Grinwoody grinned an arrogant grin. Shook his head. “Are you really as desperate to believe in gods and devils as the rest of them? Knowing what you know? Having done what you’ve done? Orholam is no god. It is merely the nexus of this world’s magic. It’s not sentient. It’s not a person or a godhead. It is the wobbling, unbalanced axle around which all magic rotates. It is the center that cannot hold.
“If you destroy this nexus men call Orholam, you kill magic itself. It will be an end of the tyranny of the Chromeria and an end to the magical storms that have devastated our world for millennia beyond counting. It will end the world putting one man in power while another is his slave—merely because the first can do magic. For that hope, for that hope for justice, I have wagered everything.”
“Regardless of the cost?” Gavin asked.
“The cost to do nothing is greater.”
“You really think the Blinding Knife will blind God himself.”
“This is the problem with erasing your own history, as the Chromeria has done, never trusting its own with dangerous knowledge: sometimes the most dangerous things are exactly what you need to save yourself.”
“What are you talking about?” Gavin asked. Erasing history? Was this some kind of Order conspiracy theory?
“How I would love to sit and talk with you for an afternoon and tell you all the parts of your reign you owe to me, and all the things you misinterpreted through the decades. It would be better if your father were there, too, for he’s been the more substantial foe by far. But we have little time. Dawn comes, and light waits for no man, am I right?” He peeked out the curtain, then dropped it back in place.
“I have no idea what you’re talking about. What are your demands?”
“Do you remember this?” Grinwoody asked. He upended a black velvet bag into his hand, and a jewel the color of midnight dropped into his hand. It somehow radiated darkness, or sucked light into itself. It was living black luxin, but it was something more. If the black luxin in Gavin’s eye patch was a child of eternal darkness, this was Mother Night herself.
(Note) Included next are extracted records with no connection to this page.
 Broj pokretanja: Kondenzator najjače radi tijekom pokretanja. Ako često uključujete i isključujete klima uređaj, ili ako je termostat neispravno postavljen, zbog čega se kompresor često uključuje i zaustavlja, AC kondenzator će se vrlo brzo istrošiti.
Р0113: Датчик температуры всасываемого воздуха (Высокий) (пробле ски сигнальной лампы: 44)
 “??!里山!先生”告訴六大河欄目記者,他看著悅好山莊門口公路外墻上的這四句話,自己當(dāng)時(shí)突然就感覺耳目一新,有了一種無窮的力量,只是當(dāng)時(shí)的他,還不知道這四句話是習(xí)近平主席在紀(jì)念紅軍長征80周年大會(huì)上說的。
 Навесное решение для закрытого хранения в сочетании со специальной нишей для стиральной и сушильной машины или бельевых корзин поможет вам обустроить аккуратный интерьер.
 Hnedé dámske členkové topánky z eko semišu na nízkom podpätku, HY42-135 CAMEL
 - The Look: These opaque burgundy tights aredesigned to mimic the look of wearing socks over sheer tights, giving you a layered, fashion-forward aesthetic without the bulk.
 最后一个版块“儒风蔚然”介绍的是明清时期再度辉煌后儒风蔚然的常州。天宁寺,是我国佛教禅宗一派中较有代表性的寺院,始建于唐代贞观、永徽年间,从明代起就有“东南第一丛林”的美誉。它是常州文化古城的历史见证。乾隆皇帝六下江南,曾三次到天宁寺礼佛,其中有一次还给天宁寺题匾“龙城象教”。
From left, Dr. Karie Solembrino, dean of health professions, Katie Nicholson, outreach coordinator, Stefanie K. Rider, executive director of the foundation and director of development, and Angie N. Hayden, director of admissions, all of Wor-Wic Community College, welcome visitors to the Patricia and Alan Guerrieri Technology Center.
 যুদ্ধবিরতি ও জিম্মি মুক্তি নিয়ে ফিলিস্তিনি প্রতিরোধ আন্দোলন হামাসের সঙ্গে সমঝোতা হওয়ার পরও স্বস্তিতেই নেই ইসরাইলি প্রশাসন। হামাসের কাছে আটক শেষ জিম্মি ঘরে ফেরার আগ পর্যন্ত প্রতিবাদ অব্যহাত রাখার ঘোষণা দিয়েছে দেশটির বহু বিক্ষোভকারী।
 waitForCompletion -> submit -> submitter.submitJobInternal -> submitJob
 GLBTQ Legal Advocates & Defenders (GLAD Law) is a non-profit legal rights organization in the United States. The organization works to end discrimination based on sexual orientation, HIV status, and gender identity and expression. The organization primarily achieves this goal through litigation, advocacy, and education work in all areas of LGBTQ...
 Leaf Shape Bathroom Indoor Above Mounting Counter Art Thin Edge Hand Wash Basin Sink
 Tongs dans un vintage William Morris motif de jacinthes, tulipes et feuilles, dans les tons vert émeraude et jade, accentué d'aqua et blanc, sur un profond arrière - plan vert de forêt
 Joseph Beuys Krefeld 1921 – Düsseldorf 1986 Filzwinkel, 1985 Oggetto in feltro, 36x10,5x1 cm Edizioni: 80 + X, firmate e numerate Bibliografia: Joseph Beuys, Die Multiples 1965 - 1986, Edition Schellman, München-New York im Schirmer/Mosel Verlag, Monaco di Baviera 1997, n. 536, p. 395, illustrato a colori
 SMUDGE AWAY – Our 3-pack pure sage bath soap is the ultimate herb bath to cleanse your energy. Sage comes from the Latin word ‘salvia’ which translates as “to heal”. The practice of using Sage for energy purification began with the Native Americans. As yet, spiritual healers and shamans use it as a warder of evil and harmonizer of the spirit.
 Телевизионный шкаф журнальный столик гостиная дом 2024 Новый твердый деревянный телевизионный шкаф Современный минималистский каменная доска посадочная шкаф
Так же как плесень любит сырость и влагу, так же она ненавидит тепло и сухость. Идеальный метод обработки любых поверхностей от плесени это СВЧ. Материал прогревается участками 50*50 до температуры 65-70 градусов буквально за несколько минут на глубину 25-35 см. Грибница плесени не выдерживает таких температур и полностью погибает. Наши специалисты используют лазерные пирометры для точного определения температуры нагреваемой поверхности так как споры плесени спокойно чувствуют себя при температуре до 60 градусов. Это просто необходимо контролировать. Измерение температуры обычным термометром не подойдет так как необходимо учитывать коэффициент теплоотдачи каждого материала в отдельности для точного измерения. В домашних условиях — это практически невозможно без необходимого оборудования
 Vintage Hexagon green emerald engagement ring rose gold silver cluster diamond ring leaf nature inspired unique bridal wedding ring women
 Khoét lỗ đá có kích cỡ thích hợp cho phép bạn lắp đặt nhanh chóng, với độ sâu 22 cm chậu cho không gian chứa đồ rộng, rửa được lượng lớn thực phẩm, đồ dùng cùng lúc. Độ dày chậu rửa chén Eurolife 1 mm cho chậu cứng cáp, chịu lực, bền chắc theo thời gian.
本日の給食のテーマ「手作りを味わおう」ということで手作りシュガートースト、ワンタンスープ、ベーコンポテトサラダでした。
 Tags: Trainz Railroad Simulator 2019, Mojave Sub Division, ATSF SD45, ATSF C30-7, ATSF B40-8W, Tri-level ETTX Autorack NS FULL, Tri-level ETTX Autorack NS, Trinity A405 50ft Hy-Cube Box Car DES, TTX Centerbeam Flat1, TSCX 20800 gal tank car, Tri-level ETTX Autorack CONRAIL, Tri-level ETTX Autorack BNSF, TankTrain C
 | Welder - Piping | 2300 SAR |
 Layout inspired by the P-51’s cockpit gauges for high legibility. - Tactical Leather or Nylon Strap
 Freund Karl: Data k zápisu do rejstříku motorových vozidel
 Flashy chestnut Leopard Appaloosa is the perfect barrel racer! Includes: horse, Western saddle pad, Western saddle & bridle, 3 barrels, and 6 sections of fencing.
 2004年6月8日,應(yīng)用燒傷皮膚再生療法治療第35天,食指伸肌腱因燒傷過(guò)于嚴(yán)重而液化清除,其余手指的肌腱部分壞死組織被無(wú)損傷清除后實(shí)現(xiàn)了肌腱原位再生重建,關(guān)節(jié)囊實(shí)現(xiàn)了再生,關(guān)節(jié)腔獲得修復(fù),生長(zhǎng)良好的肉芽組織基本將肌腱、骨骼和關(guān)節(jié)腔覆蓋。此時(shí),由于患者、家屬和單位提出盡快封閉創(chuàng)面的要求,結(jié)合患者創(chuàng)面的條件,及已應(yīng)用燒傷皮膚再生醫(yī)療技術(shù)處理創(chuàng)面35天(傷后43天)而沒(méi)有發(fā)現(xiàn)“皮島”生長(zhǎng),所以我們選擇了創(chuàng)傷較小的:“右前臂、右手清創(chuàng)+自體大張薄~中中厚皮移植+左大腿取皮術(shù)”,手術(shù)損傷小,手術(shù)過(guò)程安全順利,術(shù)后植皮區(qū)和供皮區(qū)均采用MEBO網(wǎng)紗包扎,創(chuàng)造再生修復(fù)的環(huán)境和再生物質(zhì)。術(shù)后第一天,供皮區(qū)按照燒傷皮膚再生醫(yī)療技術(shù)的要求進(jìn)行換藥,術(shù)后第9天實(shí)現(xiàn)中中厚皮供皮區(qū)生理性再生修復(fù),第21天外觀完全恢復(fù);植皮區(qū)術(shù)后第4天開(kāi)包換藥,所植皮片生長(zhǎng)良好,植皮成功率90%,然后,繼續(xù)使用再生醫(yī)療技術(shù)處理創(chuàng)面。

“The black seed crystal,” Grinwoody said. “You remember now?”
“I have… no memory of that.” Except that he felt an instinctive fear and revulsion at the sight of it. It was too painful to even behold.
“You created this. At Sundered Rock.” Grinwoody pushed back a curtain from a window and looked out at the water. Then he turned again to Gavin. “Or perhaps this is an older one. You see, the Chromeria used to deny that seed crystals exist—even while they hoarded them. The seed crystals call their color of drafters to themselves—which is why, unknowing, drafters have always come here for their teaching. But uncontrolled, unchecked, they create the bane, and the bane call wights much more powerfully.
“The Chromeria likes to believe that there’s only one seed crystal of each color. As if one can wish that there should be only one volcano, or one hurricane, or one earthquake—because one is devastating enough. The truth is, any sufficiently powerful drafter can create one, like you did at Sundered Rock. Or they can spontaneously appear, as they have recently, if there’s too much of their color. Maybe it’s random, maybe it coalesces around a drafter of that color, like the first crystal in a freezing pond—what does it matter? When you create the right conditions, the bane appears. And the conditions now? Without you balancing? It’s like all magic is a pond below freezing, waiting for that first crystal. Only death can follow, Dazen Guile.”
“Oh, good, here I was thinking things looked grim.”
Grinwoody stared at him, unsmiling. “Apparently that irreverence has helped keep you alive and sane. I hope it continues to work for you.”
Gavin swallowed, flippancy gone. “So what does the black do? Does it make a black bane?”